母は京都・東九条出身で、韓国籍の在日2世。父親を早くに亡くし、長兄がメッキ工場を建て、8人の兄弟姉妹を養った。母は大学進学を望んだが許されず、短大を卒業した。そして朝鮮半島北部・宣川から朝鮮戦争を経て日本に単独で渡ってきたキリスト教を学ぶ神学生、昌華(私の父)と恋愛した。身寄りのない苦学生、それも牧師になる人と結婚すれば食べていけない、と祖母は反対したが2人は押し切った。
父の初任地は兵庫県宝塚市。小さな伝道所を開いたが生活できず、段ボール箱を食卓に、ご飯にお醤油をかけるだけだった。そんななか兄が生まれ、2年後、私は生まれた。翌1960年、北九州市の在日大韓キリスト教会小倉教会に父が赴任、一家で引っ越した。私は教会にあったアップライトピアノを使わせてもらい、5歳から近くのカトリック教会付属の音楽教室に通うようになった。

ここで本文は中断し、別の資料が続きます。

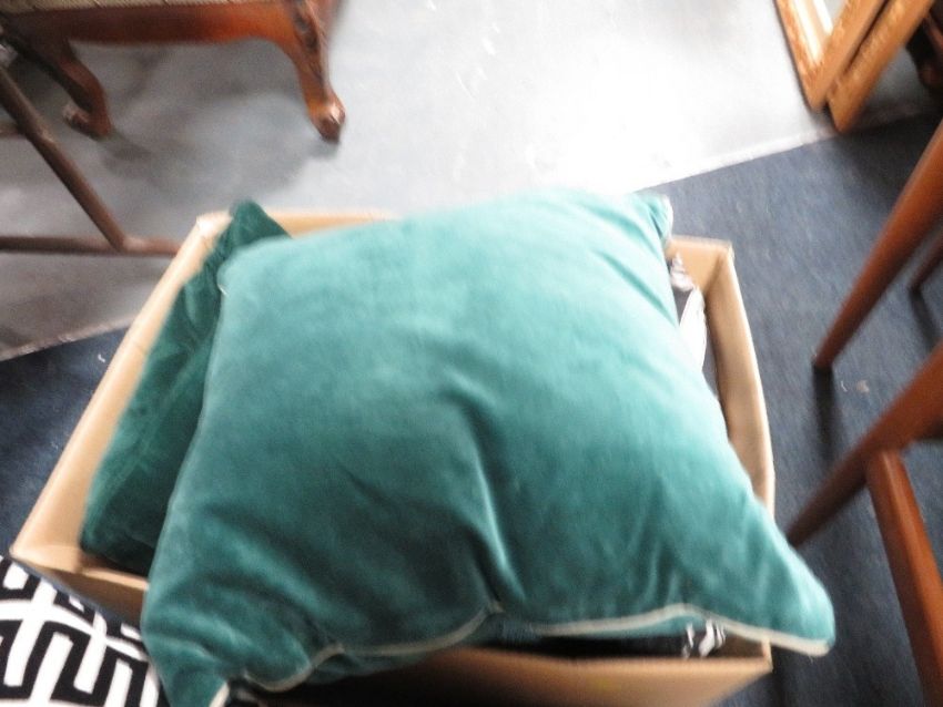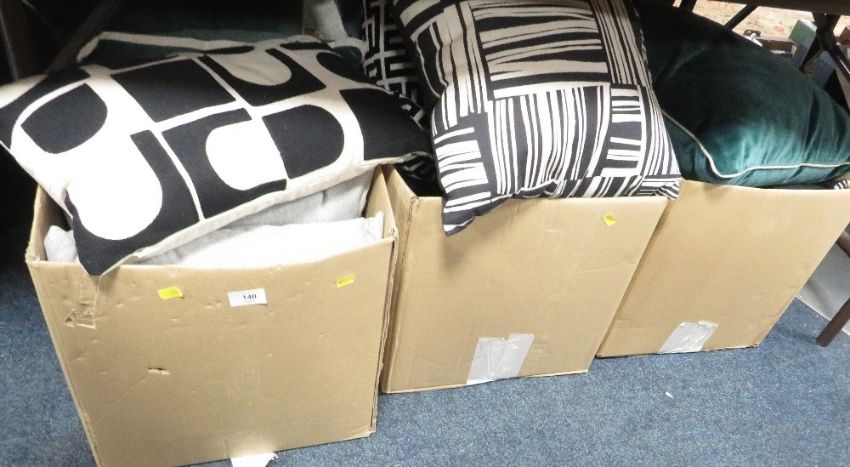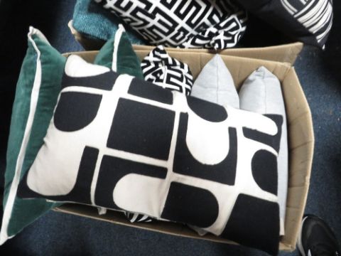Three trays of ex-show home assorted cushions

音楽大学2年になるまで、自分のピアノを持ったことがなかった。初めて自分のグランドピアノが下宿先に運びこまれた年、私は外国人登録証の更新で、指紋押捺拒否をした。母はいつしか私がピアニストになることを夢見ていた。私もピアノを弾いていると、遠い時代の遠い土地で生きた未知の作曲家の世界の中に入ってゆける……、現実ではない世界に魅かれていった。

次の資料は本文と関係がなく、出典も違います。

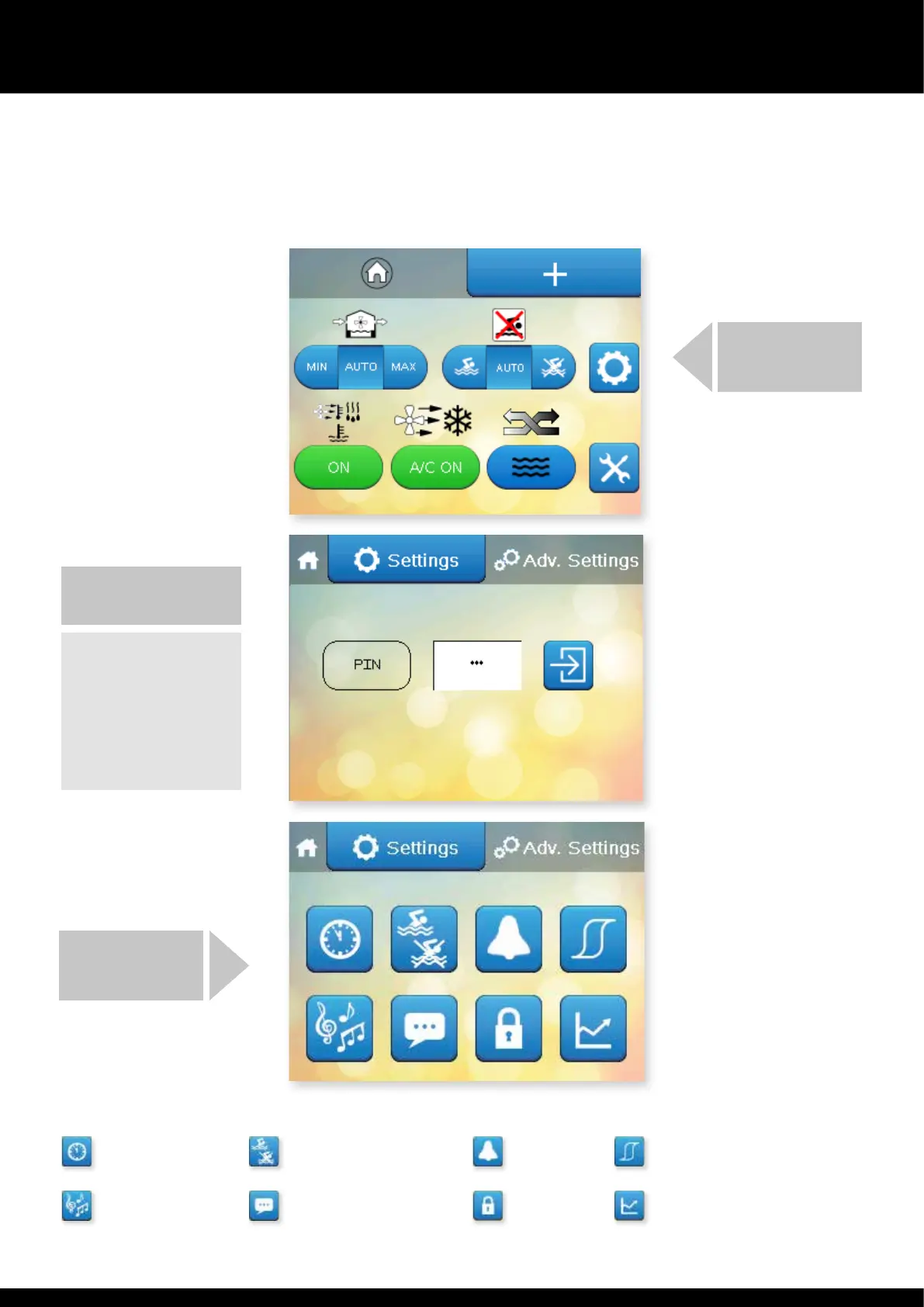 The main User Settings screens are protected by a PIN code. User Settings can be accessed by pressing e cog button on e second Home screen.

大学卒業時の83年、NHK・FMラジオ「夕べのひととき」に出演することになり、名古屋市内の放送局に行った。
録音を終えると「お名前はどう読めばよいですか?」「チェ・ソンエです」とのやりとりがあった。数日後、担当者から電話が入り、「NHKの方針として日本語読みしかできないことがわかりました」。私はすぐ、放送局へ出向いた。担当者に「顔の見えないラジオで、サイ・ゼンアイと呼ばれても、誰も私だとは思わない」と言った途端、涙が出て止まらなくなった。
同年、指紋押捺拒否で刑事裁判が始まった。裁判所で意見陳述したとき、傍聴席で母は泣いていた。ピアニストになるはずの23歳の娘が、告発され被告席に立っている。地裁でも高裁でも「有罪」――。私の国家権力への抵抗はこうして始まった。